There are few pantomimes that have the distinct magic of Bradford Alhambra’s annual festive extravaganza. Yet again Billy Pearce polishes his crown as panto king – this year taking to the stage as the lovable Wishee Washee in Aladdin.
The show has a great plot that ploughs ahead with pace and plenty of humour (written with an expert flair by Alan McHugh). Evil Abanazar will stop at nothing to steal the magic lamp from Aladdin to grant his own evil wishes – and our crew of heroes must stop him before it’s too late!
With a range of jokes set to please all types of audience members, from physical humour lovers to the sarcastic, witty or random, Billy Pearce brings the house down. Without his presence on stage, the show doesn’t quite feel in safe hands. Though Christopher Biggins is fun and frivolous as the camp dame Widow Twankey, he doesn’t have a commanding enough presence to get the audience really engaged.
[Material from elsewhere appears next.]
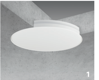
RECESSED CEILING for concrete recessed mounting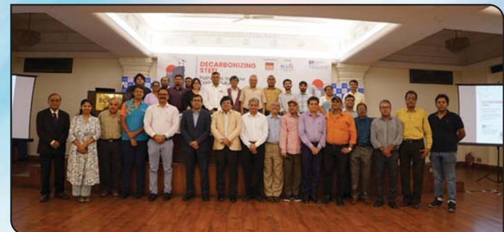
Group Photograph of Participants Participants, experts, MSME representatives, industry leaders, and organisers came together for a group photo at the multi-stakeholder event on “Decarbonizing Steel,” hosted at Williamson Magor Hall, The Bengal Chamber.

Sarah Goggin as Princess Jasmine is sweet, though the unrealistic sword fight between her and her captor, Abanazar (played by Dvid O’Mahony with just the right tone for a love-to-hate pantomime villain) is a weak attempt at championing feminism. Let’s save that conversation for another day.
The real heroine of the piece is Emily Beth Harrington as the mythical guardian Scheherazade. Her voice is seriously West End impressive and she plays the role with sincerity and mystique.
I’m not sure where the direction went wrong for our poor old Aladdin, played by Simon Webbe. Ed Curtis directs the cast superbly – with a great range of characters designed to complement one another. Webbe plays the role with a delightful range of silly over-the-top gestures and expressions – and I wonder whether I’m laughing at him or with him. It feels a little like watching a character in The Play That Goes Wrong – crafted to play the role so strangely it’s actually funny. His voice is, as expected, really lovely but I don’t know if pantoland is his hidden calling.
This production doesn’t scrape by with garish costumes and a cartoon set with a few pyrotechnics – a lazy strategy used by many theatres that somewhat cheapens the whole effect. Aladdin is all bells and whistles with countless costume changes, big cast dance numbers, impressive scenery (magic carpet? Tick), 3D adventures and all the cheesy smoke machines and flashing lights you could hope for. Many don’t agree panto is ‘real’ theatre – but this class act of a show will prove anyone wrong.
Catch this mesmerising show at Bradford Alhambra until 20th January 2019.